— TASK STATEMENT —
All entries need to be written out verbatim, with pictures omitted.

--- DATA RECORDS Enclosed Below ---

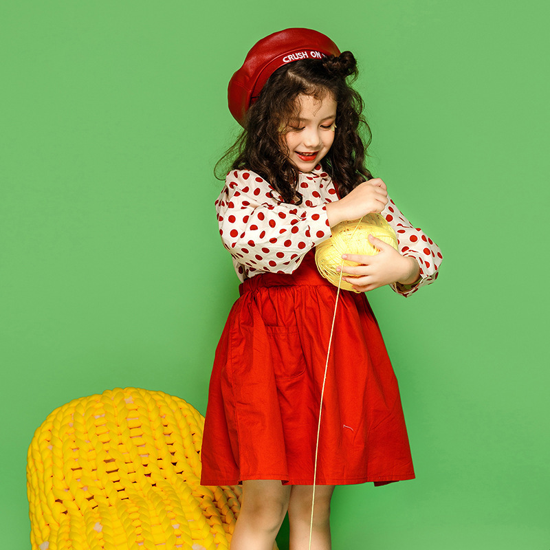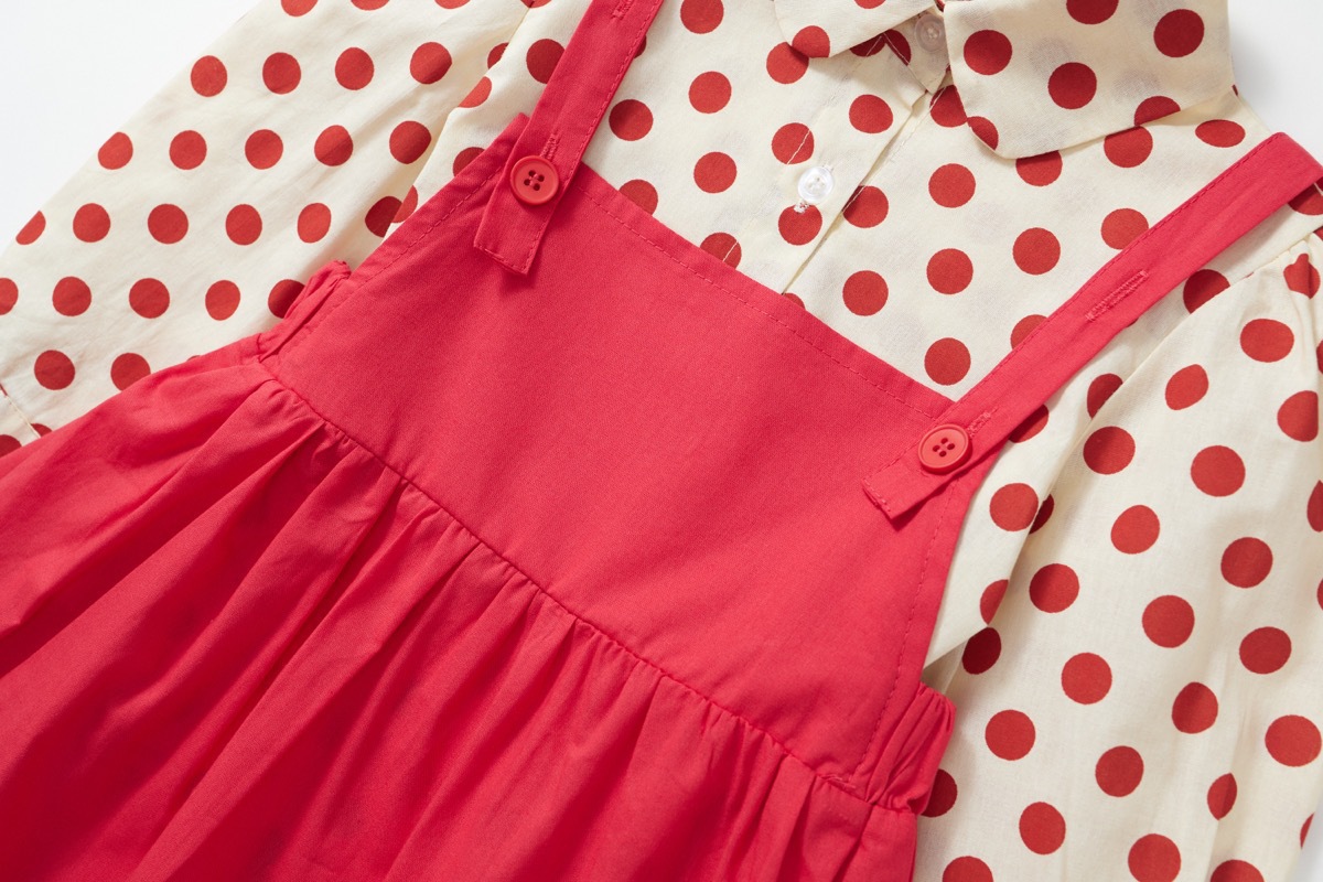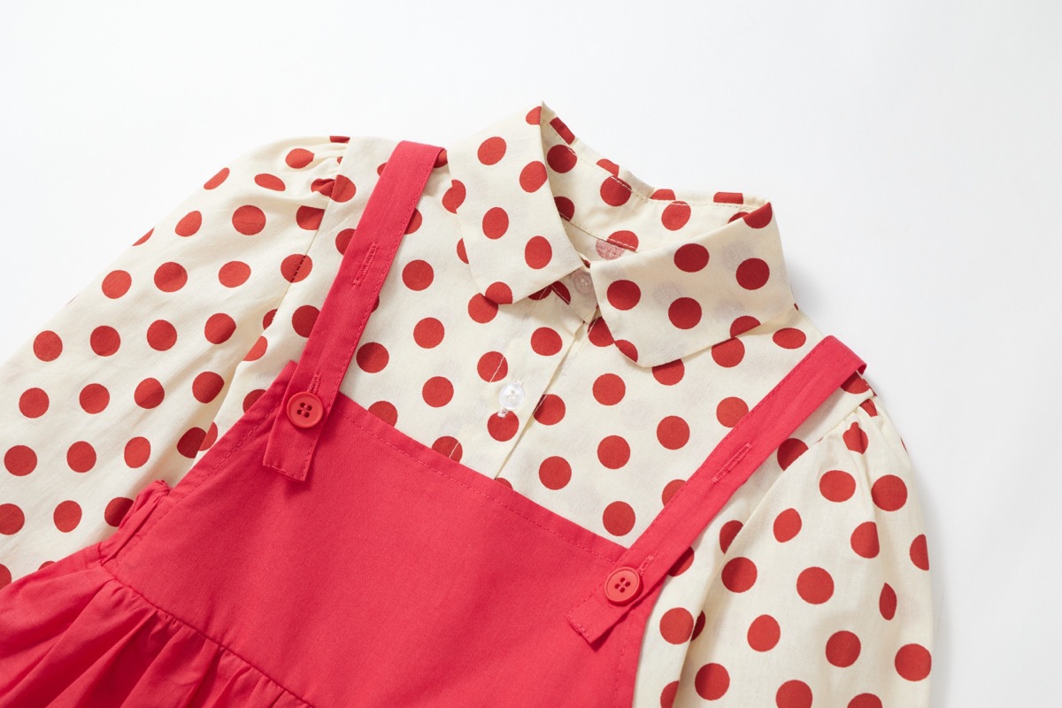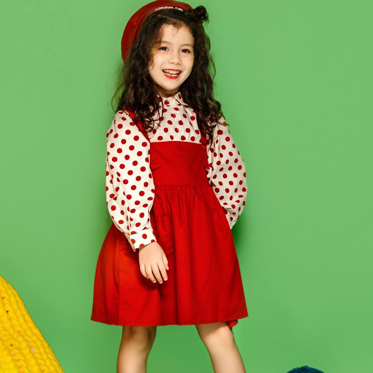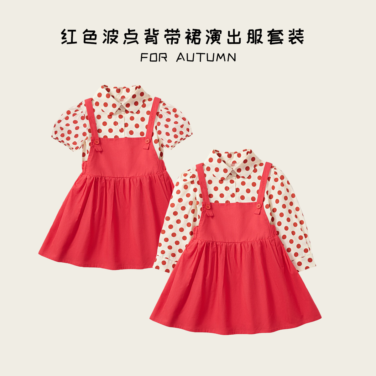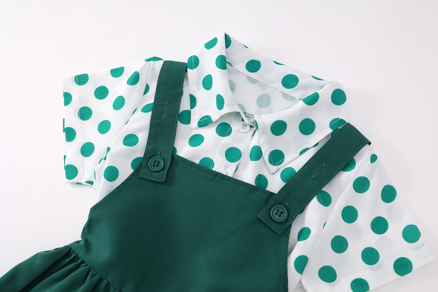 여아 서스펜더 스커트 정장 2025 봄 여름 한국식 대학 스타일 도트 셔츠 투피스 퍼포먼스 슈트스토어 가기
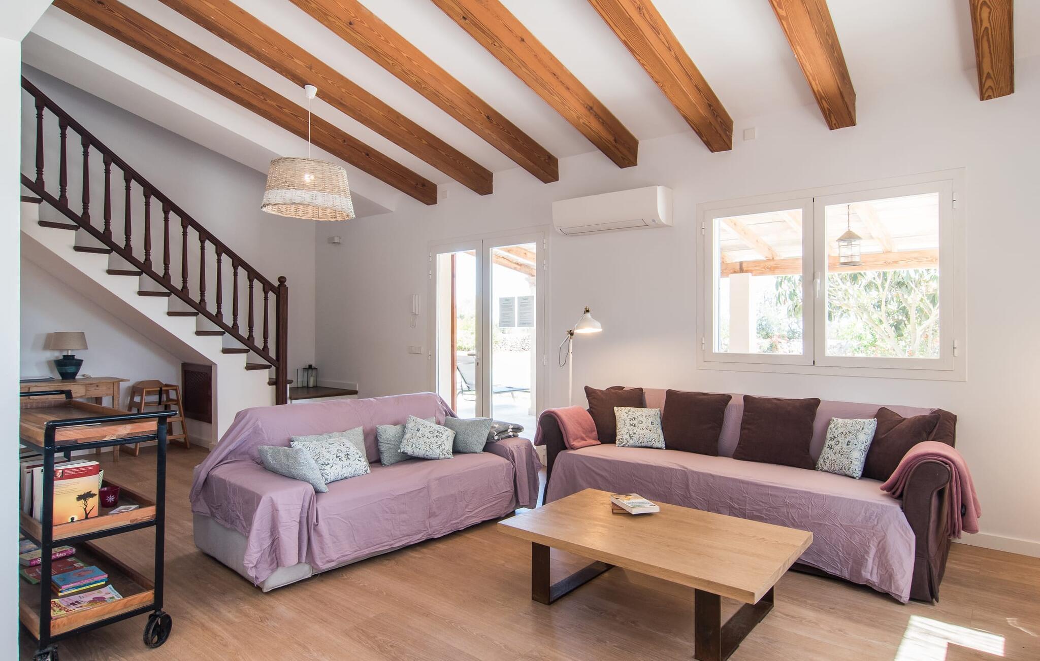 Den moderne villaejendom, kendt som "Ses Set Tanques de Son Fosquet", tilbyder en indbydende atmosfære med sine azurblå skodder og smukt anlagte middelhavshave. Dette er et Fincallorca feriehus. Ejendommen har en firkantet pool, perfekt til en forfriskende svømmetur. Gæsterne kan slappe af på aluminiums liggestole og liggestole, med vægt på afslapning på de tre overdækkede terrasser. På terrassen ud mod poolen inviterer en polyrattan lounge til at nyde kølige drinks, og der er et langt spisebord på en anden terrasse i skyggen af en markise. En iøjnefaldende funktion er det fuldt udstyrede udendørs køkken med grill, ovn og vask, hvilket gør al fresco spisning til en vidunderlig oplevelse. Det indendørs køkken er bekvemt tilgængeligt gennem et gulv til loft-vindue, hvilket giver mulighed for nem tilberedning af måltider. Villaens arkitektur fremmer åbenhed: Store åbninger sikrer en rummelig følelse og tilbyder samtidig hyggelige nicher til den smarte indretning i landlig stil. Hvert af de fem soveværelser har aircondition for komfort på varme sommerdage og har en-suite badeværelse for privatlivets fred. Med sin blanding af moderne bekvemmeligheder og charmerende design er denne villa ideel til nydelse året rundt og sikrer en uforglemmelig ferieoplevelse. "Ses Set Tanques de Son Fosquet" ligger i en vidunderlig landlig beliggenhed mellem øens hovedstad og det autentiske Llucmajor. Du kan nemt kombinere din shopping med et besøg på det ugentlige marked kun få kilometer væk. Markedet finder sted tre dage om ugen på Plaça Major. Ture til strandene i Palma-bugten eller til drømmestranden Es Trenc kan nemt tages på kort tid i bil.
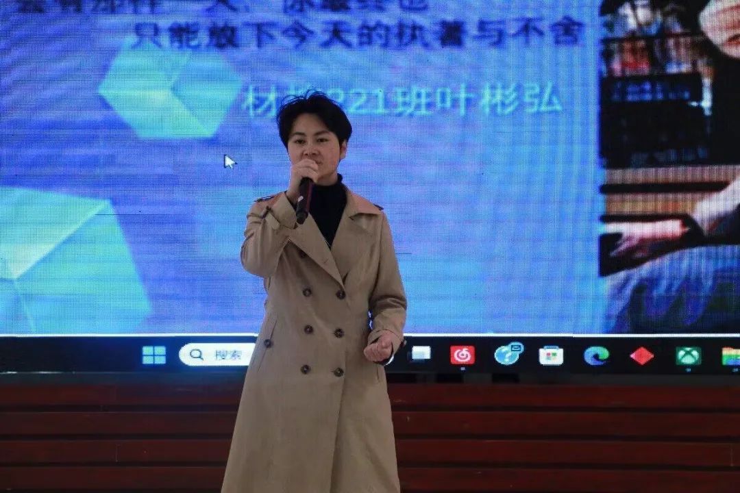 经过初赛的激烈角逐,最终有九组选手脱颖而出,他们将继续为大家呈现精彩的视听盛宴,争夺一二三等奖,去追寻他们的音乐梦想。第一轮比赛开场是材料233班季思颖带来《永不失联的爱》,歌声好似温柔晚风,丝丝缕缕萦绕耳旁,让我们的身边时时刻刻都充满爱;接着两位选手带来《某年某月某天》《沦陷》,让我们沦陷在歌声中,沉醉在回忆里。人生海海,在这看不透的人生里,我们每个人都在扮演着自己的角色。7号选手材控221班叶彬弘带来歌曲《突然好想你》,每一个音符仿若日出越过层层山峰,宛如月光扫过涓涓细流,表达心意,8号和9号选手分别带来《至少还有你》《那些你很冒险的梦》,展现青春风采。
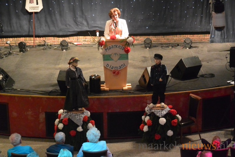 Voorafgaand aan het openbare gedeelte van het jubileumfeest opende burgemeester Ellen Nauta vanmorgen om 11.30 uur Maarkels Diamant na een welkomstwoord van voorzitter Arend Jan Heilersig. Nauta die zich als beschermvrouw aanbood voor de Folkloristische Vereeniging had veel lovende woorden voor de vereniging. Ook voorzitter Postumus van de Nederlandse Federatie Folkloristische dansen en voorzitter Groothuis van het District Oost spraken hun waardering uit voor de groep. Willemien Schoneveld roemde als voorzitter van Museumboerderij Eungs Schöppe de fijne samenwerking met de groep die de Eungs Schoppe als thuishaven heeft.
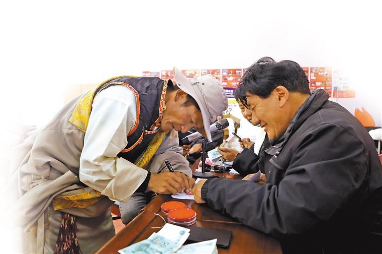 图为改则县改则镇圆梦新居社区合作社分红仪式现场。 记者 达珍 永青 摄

--- End of Enclosed DATA RECORDS ---

— ANSWER TO THE EXERCISE —
 여아 서스펜더 스커트 정장 2025 봄 여름 한국식 대학 스타일 도트 셔츠 투피스 퍼포먼스 슈트스토어 가기
 Den moderne villaejendom, kendt som "Ses Set Tanques de Son Fosquet", tilbyder en indbydende atmosfære med sine azurblå skodder og smukt anlagte middelhavshave. Dette er et Fincallorca feriehus. Ejendommen har en firkantet pool, perfekt til en forfriskende svømmetur. Gæsterne kan slappe af på aluminiums liggestole og liggestole, med vægt på afslapning på de tre overdækkede terrasser. På terrassen ud mod poolen inviterer en polyrattan lounge til at nyde kølige drinks, og der er et langt spisebord på en anden terrasse i skyggen af en markise. En iøjnefaldende funktion er det fuldt udstyrede udendørs køkken med grill, ovn og vask, hvilket gør al fresco spisning til en vidunderlig oplevelse. Det indendørs køkken er bekvemt tilgængeligt gennem et gulv til loft-vindue, hvilket giver mulighed for nem tilberedning af måltider. Villaens arkitektur fremmer åbenhed: Store åbninger sikrer en rummelig følelse og tilbyder samtidig hyggelige nicher til den smarte indretning i landlig stil. Hvert af de fem soveværelser har aircondition for komfort på varme sommerdage og har en-suite badeværelse for privatlivets fred. Med sin blanding af moderne bekvemmeligheder og charmerende design er denne villa ideel til nydelse året rundt og sikrer en uforglemmelig ferieoplevelse. "Ses Set Tanques de Son Fosquet" ligger i en vidunderlig landlig beliggenhed mellem øens hovedstad og det autentiske Llucmajor. Du kan nemt kombinere din shopping med et besøg på det ugentlige marked kun få kilometer væk. Markedet finder sted tre dage om ugen på Plaça Major. Ture til strandene i Palma-bugten eller til drømmestranden Es Trenc kan nemt tages på kort tid i bil.
 经过初赛的激烈角逐,最终有九组选手脱颖而出,他们将继续为大家呈现精彩的视听盛宴,争夺一二三等奖,去追寻他们的音乐梦想。第一轮比赛开场是材料233班季思颖带来《永不失联的爱》,歌声好似温柔晚风,丝丝缕缕萦绕耳旁,让我们的身边时时刻刻都充满爱;接着两位选手带来《某年某月某天》《沦陷》,让我们沦陷在歌声中,沉醉在回忆里。人生海海,在这看不透的人生里,我们每个人都在扮演着自己的角色。7号选手材控221班叶彬弘带来歌曲《突然好想你》,每一个音符仿若日出越过层层山峰,宛如月光扫过涓涓细流,表达心意,8号和9号选手分别带来《至少还有你》《那些你很冒险的梦》,展现青春风采。
 Voorafgaand aan het openbare gedeelte van het jubileumfeest opende burgemeester Ellen Nauta vanmorgen om 11.30 uur Maarkels Diamant na een welkomstwoord van voorzitter Arend Jan Heilersig. Nauta die zich als beschermvrouw aanbood voor de Folkloristische Vereeniging had veel lovende woorden voor de vereniging. Ook voorzitter Postumus van de Nederlandse Federatie Folkloristische dansen en voorzitter Groothuis van het District Oost spraken hun waardering uit voor de groep. Willemien Schoneveld roemde als voorzitter van Museumboerderij Eungs Schöppe de fijne samenwerking met de groep die de Eungs Schoppe als thuishaven heeft.
 图为改则县改则镇圆梦新居社区合作社分红仪式现场。 记者 达珍 永青 摄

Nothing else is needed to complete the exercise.